По одноименному роману Ф. М. Достоевского

Автор сценария Михаил Смоляницкий

Режиссер Дмитрий Светозаров

Оператор Александр Устинов

Художник Юрий Пашигорев

Композитор Андрей Сигле

В ролях: Владимир Кошевой, Александр Балуев,

Сергей Бехтерев, Зоя Буряк, Андрей Зибров, Андрей Панин, Юрий Кузнецов, Полина Филоненко, Елена Яковлева

Киностудия Proline-film, ACDC, по заказу Первого канала

Россия

2007

Взволнованные и неполиткорректные авторы многочисленных интернет-форумов, фиксируя ажиотажный интерес нынешнего ТВ к романам Достоевского («Снова Дос по ящику!»), теперь, после двух новых сериалов, винят во всем глубокую, осмысленную экранизацию «Идиота», ставшую главным культурным событием 2003 года. Феноменальный успех многосерийного фильма Владимира Бортко соблазнил, утверждают чаттеры и блоггеры, всех тех, кто решил за счет великого писателя сменить амплуа, повысить рейтинги, закрепить за собой репутацию серьезных мастеров. У Достоев-ского это называется «разом весь капитал»: так, постановщик ментов-ских стрелялок («Хроники убойного отдела», «Улицы разбитых фонарей») и русской «бондианы» («Агент национальной безопасности») Дмитрий Светозаров преподнес любителям классики «Преступление и наказание», режиссер корпоративных мероприятий и кулинарных шоу Феликс Шультесс посягнул на «Бесов», родитель «Каменской» Юрий Мороз после прозы Марининой взялся за двенадцать серий «Братьев Карамазовых» — вскоре, видимо, покажут и их.

Сразу после «Идиота» казалось и мне: мы возвращаемся к подлинной культурной иерархии, стоим на пороге нового летосчисления на ТВ, а муза экранизаций наконец-то выходит на люди возрожденной из пепла и очищенной от киномыла. Критики с восторгом говорили о прорыве, о серьезной интеллектуальной акции, о смелой заявке на будущее.
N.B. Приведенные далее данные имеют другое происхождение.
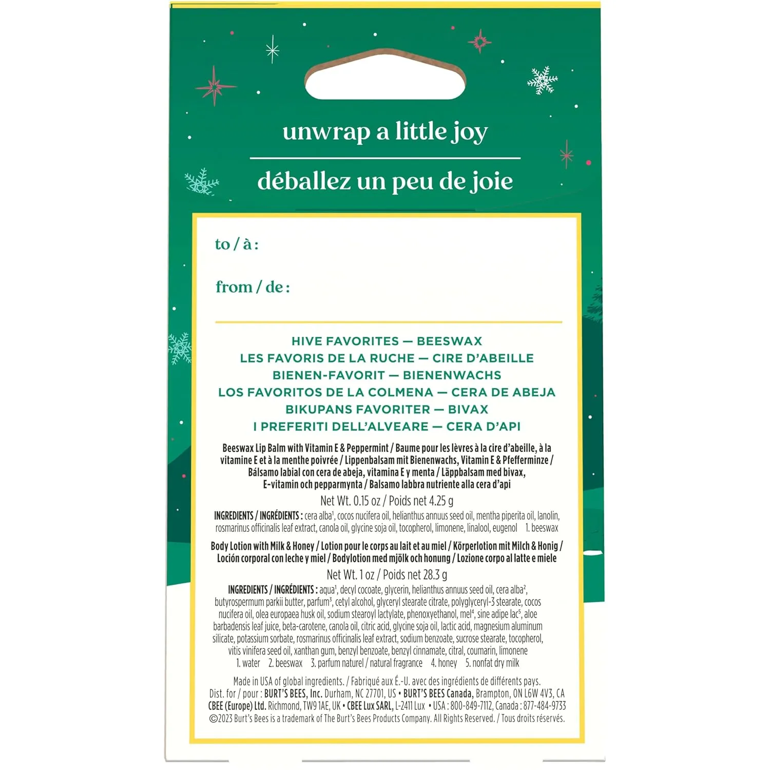 • Includes classic Beeswax Lip Balm and Hand Lotion.

Тот факт, что кинематографическая общественность вспомнила о существовании у себя дома большой литературы, обещал новые шедевры, в том числе и на поляне «Достоевский».
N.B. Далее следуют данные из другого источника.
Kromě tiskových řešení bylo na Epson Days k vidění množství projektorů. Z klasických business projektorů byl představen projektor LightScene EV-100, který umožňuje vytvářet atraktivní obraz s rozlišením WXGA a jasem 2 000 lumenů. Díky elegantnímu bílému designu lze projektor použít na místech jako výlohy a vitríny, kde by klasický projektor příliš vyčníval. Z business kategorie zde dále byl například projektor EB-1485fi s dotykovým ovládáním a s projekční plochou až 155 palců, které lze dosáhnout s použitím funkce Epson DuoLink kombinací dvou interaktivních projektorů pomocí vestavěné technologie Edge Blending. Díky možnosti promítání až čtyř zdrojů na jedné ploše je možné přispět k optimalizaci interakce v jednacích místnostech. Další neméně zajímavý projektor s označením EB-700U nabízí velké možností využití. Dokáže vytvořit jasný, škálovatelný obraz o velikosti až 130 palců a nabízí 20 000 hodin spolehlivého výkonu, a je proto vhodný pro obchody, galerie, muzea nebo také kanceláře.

«Имею ли я право браться за Достоевского?» — этот естественный вопрос должны были, по-видимому, задавать себе все те, кто дерзнул, кто осмелился, кто замахнулся... Чем заслужено это право, чем оно уже доказано? Но не боги горшки обжигают. И когда у великих книг возникла толчея, ликовать зрителю особенно не пришлось. Участки застолбили мгновенно, леса возвели дружно, постройку завершили в рекордно короткие сроки, но обживать эти здания пришлось ой как не легко.

К немалому смущению зрителей выяснилось, что сама по себе классика при перенесении ее на телеэкран отнюдь не гарантирует успеха. Как рентген, она высвечивает цели экранизаторов, меру их таланта, а также ту истину, что срастание с художественным примитивом никому не идет на пользу. Классический текст, у которого за давностью лет нет от кино охранной грамоты, держит глухую оборону.

Впрочем, никто как будто и не посягал на первородство романов Достоевского. Напротив, режиссеры (памятуя, быть может, о скрупулезной работе Бортко с текстом «Идиота») клялись в верности первоисточникам, декларировали приверженность канону, уверяли, что не допустят в своих картинах никаких постмодернистских вывертов, ибо их кредо — просветительство, а значит, бережное отношение к классике.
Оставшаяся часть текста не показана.